Beyond developing innovative products in-house, as you know, we have several collaborations ongoing with major drug manufacturers throughout the world. Our most advanced partnership is with Bayer. In September of last year, Bayer Healthcare began selling Finacea Foam in the United States. To remind you, this is a prescription foam product developed using our proprietary foam technology platform and we sought the FDA approval last year as an important validation of our technology. Based on third quarter 2016 sales reported by Bayer, we are entitled to $794,000 in royalties for the quarter and this is a 6% increase sequentially from the second quarter this year.
In addition to the royalty payment, we are entitled to a further milestone payment of $1.75 million due to Bayer's achievement of net sales in excess of the target set for Finacea Foam. Finally, our intellectual property portfolio also continues to expand. We currently have 145 patents issued worldwide of which 49 patents are issued in the United States.
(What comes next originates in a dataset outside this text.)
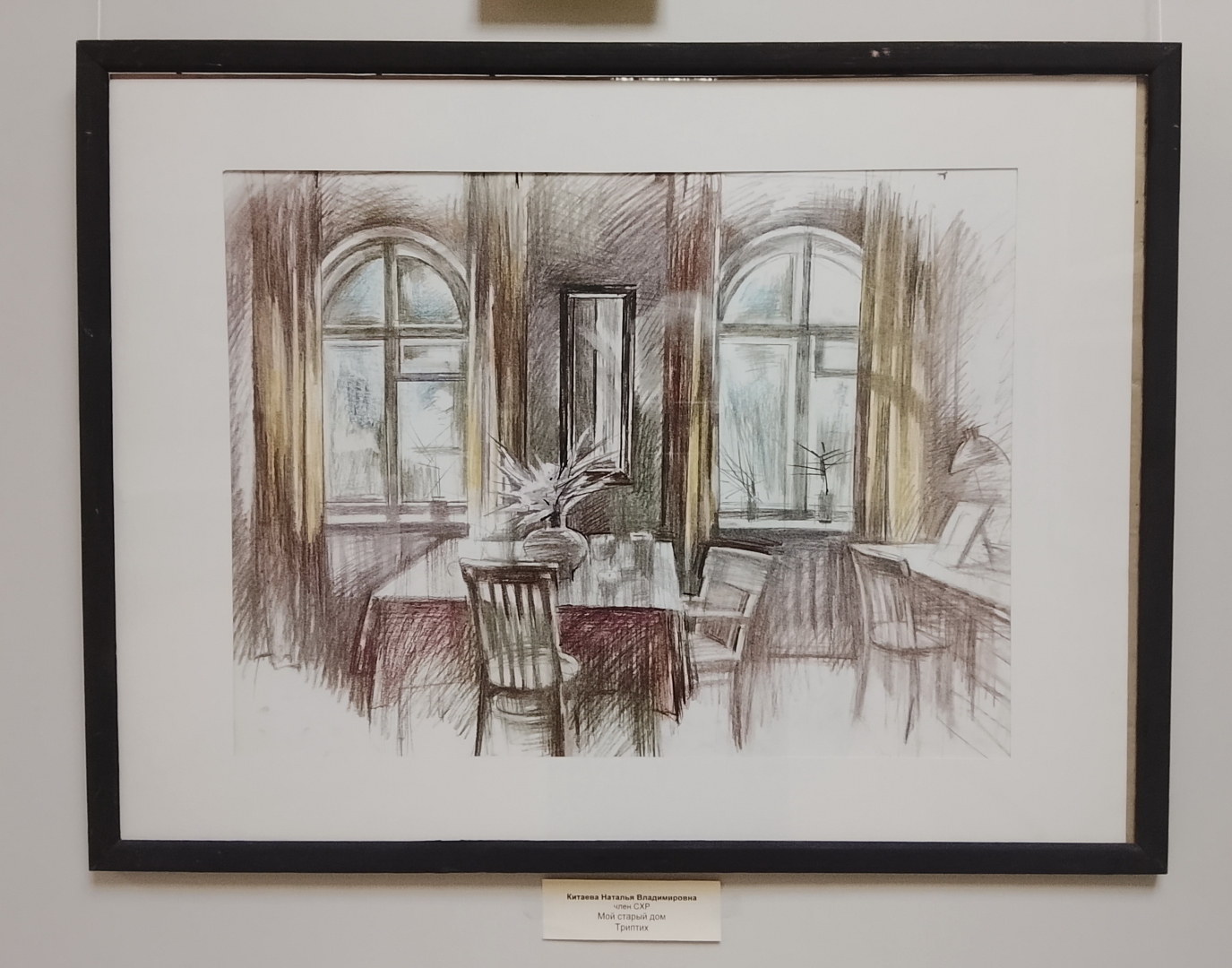 Наталья Китаева в своем графическом триптихе «Мой старый дом», предлагает зрителю заглянуть в уютные комнаты старого дома, наполненные мягким светом и тишиной, которые так точно удается передать мастеру. В лаконичных и выразительных зимних деревенских зарисовках серии «Забытые адреса» Максима Алексеева, выполненных, как правило, по натурному материалу, остро ощущается свежий морозный воздух и дремлющая под спудом снега вековая мудрость родной земли. Заслуженный художник РФ Валентин Денискин, работающий многие годы над сохранением в искусстве памятников старины Калужской земли, представил в этот раз графическую серию «Абрамцево». Это дань художника месту с особой творческой атмосферой, всегда привлекавшей представителей русской интеллигенции.

Before I turn the call over to Ilan, I also want to let each of you on this call know that we will be hosting a key opinion leader luncheon meeting in New York at 12 noon on December 2 with two prominent clinical investigators, Dr. Linda Stein-Gold and Dr. Guy Webster, who will discuss the clinical landscape and opportunities in rosacea and acne respectively. We look forward to seeing some of you there in person, and for those of you that can't be there in person, this event will also be webcast live.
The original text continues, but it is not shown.